A Comprehensive Workflow for Long-read Metagenomic Sequencing

(1) Sample collection and DNA extraction: To begin with, the extraction of ultra-pure DNA from environmental samples is paramount. Given the intricate DNA input prerequisites, particularly for cutting-edge platforms like PacBio, it is of utmost importance to ensure that the DNA remains unfragmented. Employ nucleic acid stabilization solutions to preserve the integrity of DNA during transportation and storage.

(2) Library preparation: Depending on the advanced sequencing platforms, such as PacBio or ONT, the protocols for DNA library preparation vary significantly. Utilize ONT’s VolTRAX V2, or similar next-generation automated sample preparation systems, to not only streamline the preparation process but also to ensure unparalleled consistency in the library.

(3) Sequencing: Upon preparing the libraries, subject them to sequencing using state-of-the-art platforms such as PacBio’s Sequel II or ONT’s MinION Mark II. For heightened read accuracy, it’s imperative to incorporate the latest base-calling algorithms, for instance, Guppy’s ultra-accurate prediction model, designed specifically for complex genomic structures.

(4) Assembly: Assemble sequences using specialized long-read assemblers such as Flye, Raven, or Redbean. Studies have shown that Flye is particularly powerful for assembling complex metagenomics, providing strain-level resolution and comprehensive plasmid assembly.

(5) Polishing: To augment the assembly precision, deploy sophisticated polishing utilities such as Medaka. Such tools capitalize on the inherent accuracy of long-read sequences to produce reconstructions that closely mirror native genomic structures.

(6) Annotation and Analysis: Leverage robust platforms like Smash Community Plus to meticulously annotate and interpret assembled genomes. This in-depth analysis provides unparalleled insights into microbial taxonomy, intricate metabolic pathways, and potential interspecies interactions.
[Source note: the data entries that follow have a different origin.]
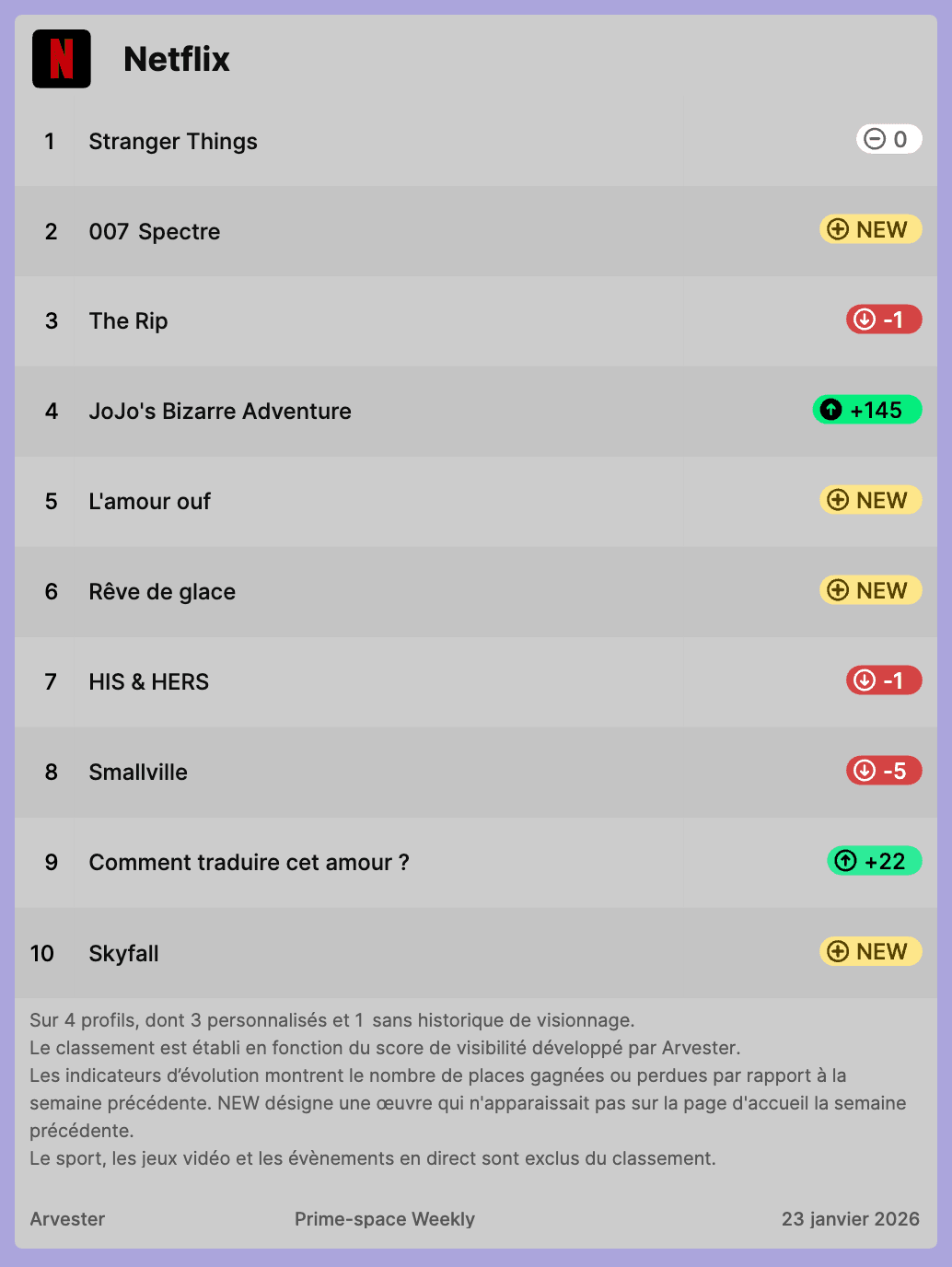 Arvester's weekly rankings of the most visible titles on Netflix, Prime Video and Disney+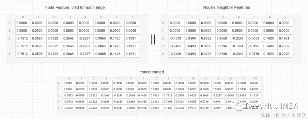 这用结果仍然是一个[5,5,8]形数组,但现在[i,:,:]中的每一行都是相同的,并且对应于节点i的特征。然后我们就可以使用乘法来创建只在包含邻居时才重复的节点特征。最后就是将其与上面的GNN创建的相邻特征连接起来,生成连接的特征。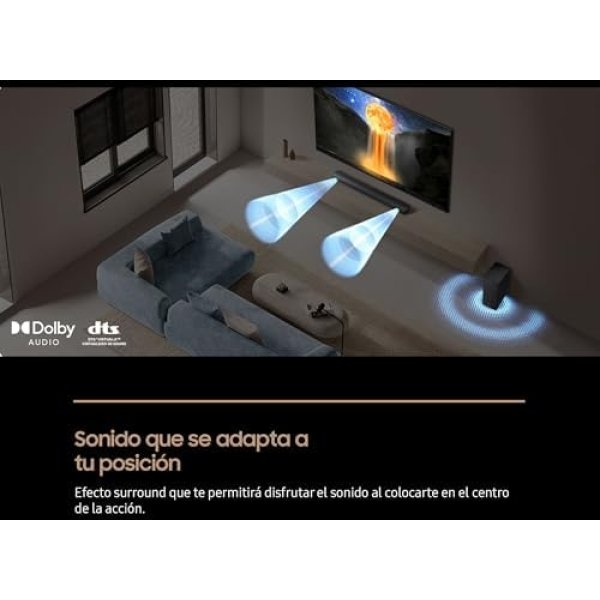 Disfruta de un sonido envolvente completo de 3,1 canales con un altavoz central integrado que ofrece diálogos más claros mediante la amplificación del audio de voz.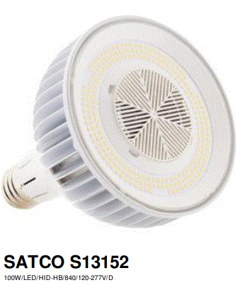 100W/LED/HID/TEMP/5K/120V LED 100W 120V 3 PRONG BASE CORNCOB 5000K 85CRI 10,000L 12"MOL 6.25"DIA IP64 300DEG SATCO |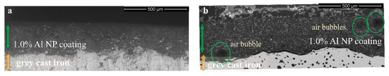 Grey cast iron plates with dimensions of 9.5 cm × 0.9 cm × 15 cm were used as substrates. The surface of the grey cast iron was cleaned with abrasive blasting and ethanol (70 wt.%). Two epoxy coatings were used in the work. The first coating was prepared using pure epoxy resin (Bisphenol A, West System, UK) and hardener (polyamine, West System, UK) in a ratio of 3.5 to 1. The second coating was prepared using epoxy paint (Hempel, Croatia) and hardener (polyamine, Hempel, Croatia) in a ratio of 4 to 1. Aluminium nanoparticles (Al NP) with an average particle size of 100 nm were provided by Guangzhou Hongwu Material Technology Co., Ltd., Guangzhou, China.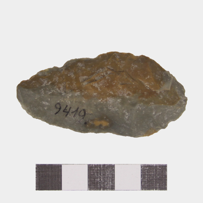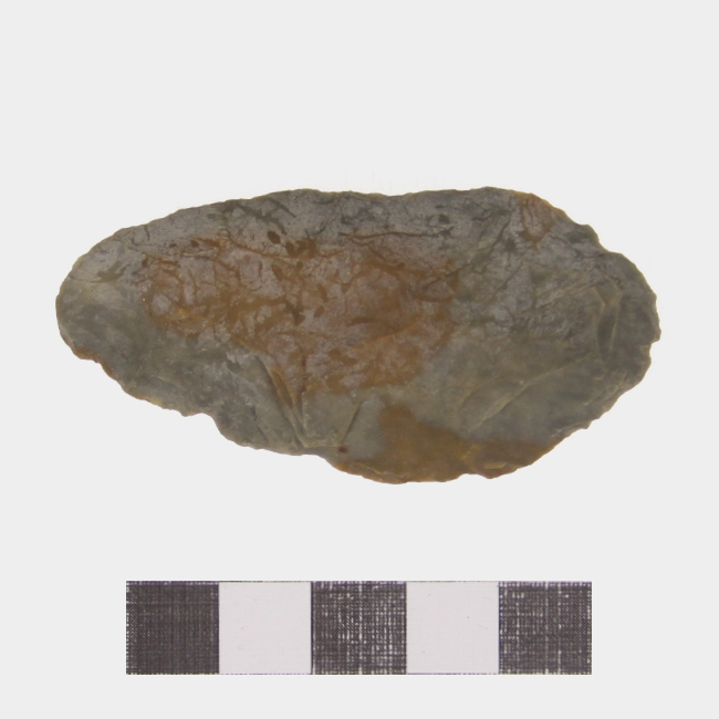 Preforma de instrumento lítico de talla bifacial de forma lanceolada y sección biconvexa, elaborado en materia prima de sílex de color verde con vetas anaranjadas.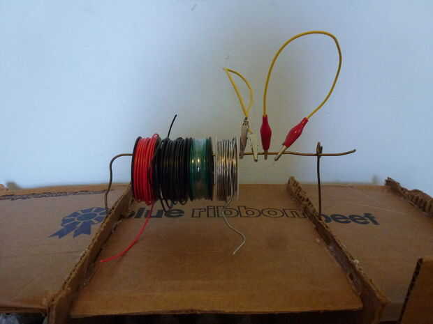 Wire / hilo de rosca / soldadura / sostenedor del Clip de piel de cocodrilo-este soporte se monta en la parte superior de su organizador y distribuye rollos de materiales fácilmente. También es un gran lugar para almacenar clips de cocodrilo cuando no esté en uso. En primer lugar, doblar las dos piernas en el extremo de un trozo de alambre rígido de 8". Deslice los rollos de materiales sobre el alambre y luego rellenar las piernas en la parte superior de su organizador.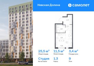 Строим кварталы для жизни с заботой о будущем. Предлагается квартира студия комфорт-класса 25,46 кв.м в корпусе 1.3 на 9 этаже, в ЖК "Невская Долина"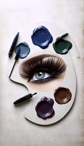 Реклама на палитре художников для цветовой маски с овалом Угадайте тень глазного окна, Ai generated image
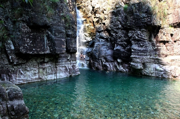 相比腾龙瀑布的直冲而下,黄龙瀑布就显得相对柔和。阶梯式瀑布,一水相衍,一瀑三叠,潭边拥有景区内宽阔的原石平台,坐拥碧水青山,观赏连绵不绝的瀑布,耳闻鸟鸣水响,轻松愉悦的感觉油然而生。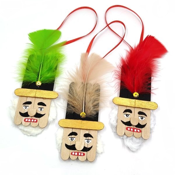 Diótörő karácsonyi dísz DIY alkotócsomag tartalma: spatula, madártoll, flitter, szőrme, vékony szatén szalag, vékony ecset és festékek (fekete, fehér, piros, arany). Készítsetek a gyerekekkel közösen saját karácsonyfadíszt, vagy ajándékot Szeretteiteknek!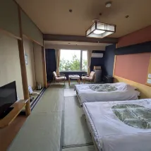 2泊3日で宿泊しました。予約したお部屋は和風タイプのシングルベットが2つあるお部屋でしたが実際は畳の和室でした。チェックイン時に部屋の清掃について聞かれたので連泊だからしなくて大丈夫と伝えてました。夜に布団を敷に来られると聞いていたのですが 来られず、、、仕方なく自分たちで敷くことにしましたがシーツが無かったのでフロントに電話をしたところ 部屋の清掃をしなくて良いと言われたので布団は敷きませんでしたと言われました。???海側のお部屋で景色はとても良いホテルなのに少し残念でした。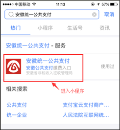 2、点击小程序“安徽统一公共支付”(圈内所示)进入;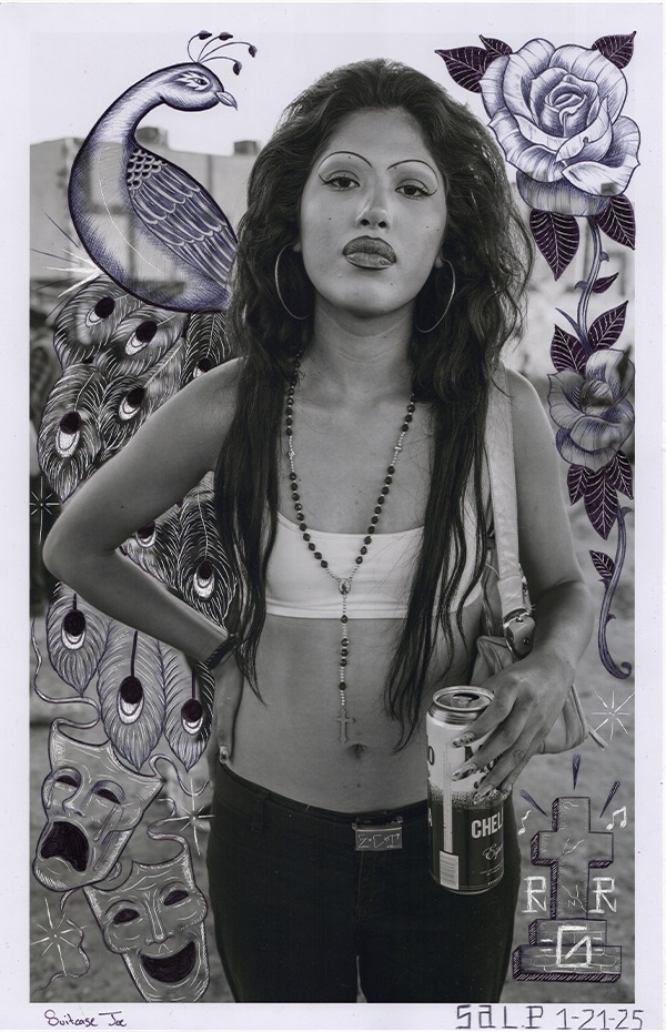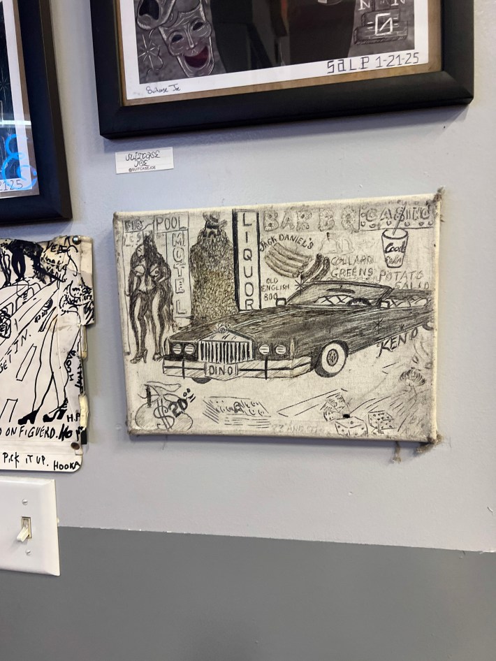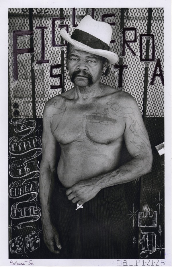 The prior Wednesday, I dropped off art for the show from “Illustrated Madness,” a booklet I put together featuring original drawings over Suitcase Joe’s photos. First showcased earlier this year at Beyond The Streets, one of Sal’s contributions to the project featured a scratched-in memo and a pair of dice on a portrait of King Dino, a homeless artist known for portraying and dressing as a pimp.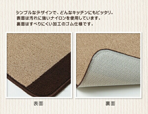 シンプルな無地のキッチンマットです。あえて厚さを薄め(約7mm)にすることにより、システムキッチンでも引っかかりにくい仕様にしています。裏面には滑りにくい加工を施しています。ご家庭の洗濯機で洗えます(ネット使用)ので、清潔にご使用頂けます。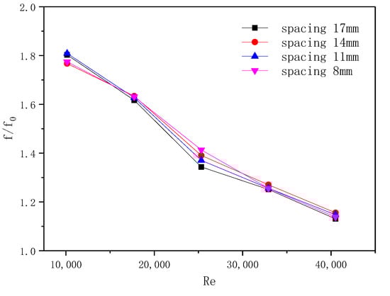 As shown in Figure 10, f/f0 decreases with the increase in Re, indicating that the change in dimple spacing has a more obvious influence on the resistance when Re is in a low range. The change in f/f0 is negligible between different spacing. It shows that the structure parameter of dimple spacing has little influence on the resistance.
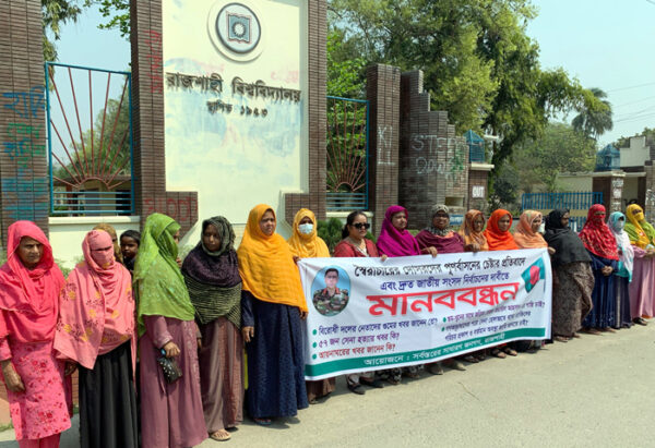 স্টাফ রিপোর্টার: দ্রুত জাতীয় সংসদ নির্বাচনের দাবিতে রাজশাহীতে সর্বস্তরের সাধারণ জনগণের উদ্যোগে মানববন্ধনের আয়োজন করা হয়। সোমবার সকালে রাজশাহী বিশ্ববিদ্যালয়ের প্রধান ফটকের সামনে অনুষ্ঠিত মানববন্ধন…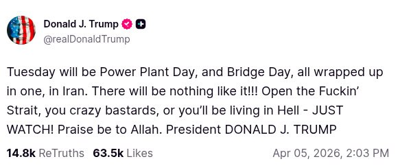 «Во вторник будет День электростанций и День мостов — все сразу, в Иране. Такого вы еще не видели!!! Откройте, блядь, пролив, вы сумасшедшие ублюдки, иначе будете жить в аду — ПРОСТО СМОТРИТЕ! Хвала Аллаху. Президент ДОНАЛЬД ДЖ. ТРАМП»,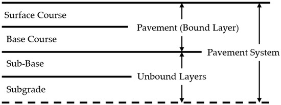 Approximately 95% of the world’s road infrastructure comprises flexible pavements [56]. The composition of the structure consists of four distinct layers, subgrade, subbase, base, and surface course [12,57], as illustrated in Figure 3.
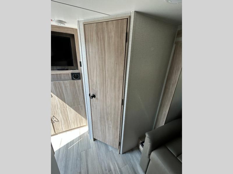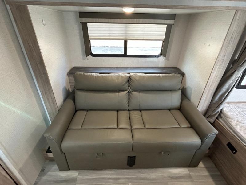 Don't pass your chance to camp comfortably with your spouse in this travel trailer! Up front there is a 60" x 74" RV queen bed with a divider curtain for privacy at night. Scramble up some eggs with the three burner cooktop and grab a cup of orange juice from the 10.3 cu. ft. refrigerator then head to the Sofa Lounge with removable table in the slide-out to enjoy your meal. The sofa can also transforms into an extra sleeping space if you want a tag along guest. Everyone can freshen up in the rear corner bathroom and watch their favorite movies on the LED TV!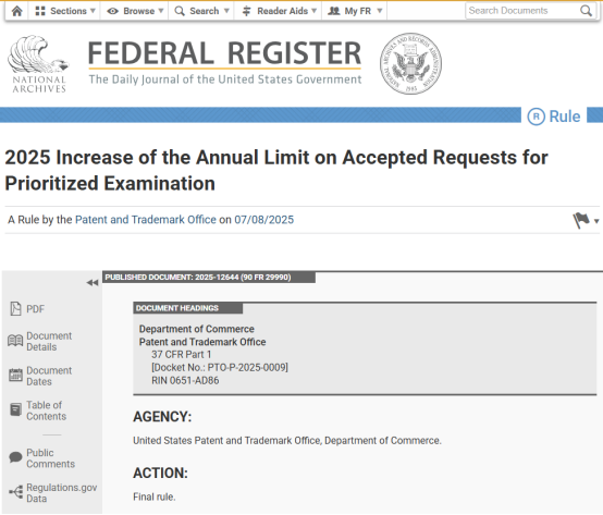 海外知识产权资讯(第四期)——美国专利商标局将优先审查申请的年度限额提高到20,000个

Improving the Accuracy and Completeness of Long-read Metagenomic Assemblies

Nanopore has a low cost of entry and sequencing, enabling fast turnaround times, but nanopore sequencing has difficulty fully characterizing long homopolymeric regions and introduces insertion/deletion errors. In contrast to Nanopore sequencing, PacBio sequencing can also generate HiFi reads with high accuracy (>99%), but at the expense of read length and throughput, resulting in higher sequencing costs for metagenomic projects. These hinder the accuracy of long-read data. Three commonly used long-read specific assemblers including Flye, Raven, and Redbean can improve the completeness and accuracy of building metagenomic assemblies.

  • Flye is a long-read metagenomic assembler that builds repeat maps to assemble and modify contigs. Assembly maps were then constructed using these contigs with A-Bruijn. While Flye can build more accurate metagenomic assemblies than Raven or Redbean, it also requires more time and memory.
  • Raven is a fast assembler that uses an Overlay Layout Consistency (OLC) method to build assembly graphs from raw reads. For some individual assemblies, Raven can have comparable accuracy to Flye after assembly polishing, but less accurate for metagenomic assemblies.
  • Redbean is another fast assembler that follows the OLC concept, using fuzzy de Bruijn graphs to build assemblies from raw reads. Redbean uses more memory than Raven but builds assemblies with less precision.

References

  1. Chen, Liang, et al. “Short-and long-read metagenomics expand individualized structural variations in gut microbiomes.” Nature Communications. 13.1 (2022): 3175.
  2. Cuscó, Anna, et al. “Long-read metagenomics retrieves complete single-contig bacterial genomes from canine feces.” BMC genomics. 22.1 (2021): 330.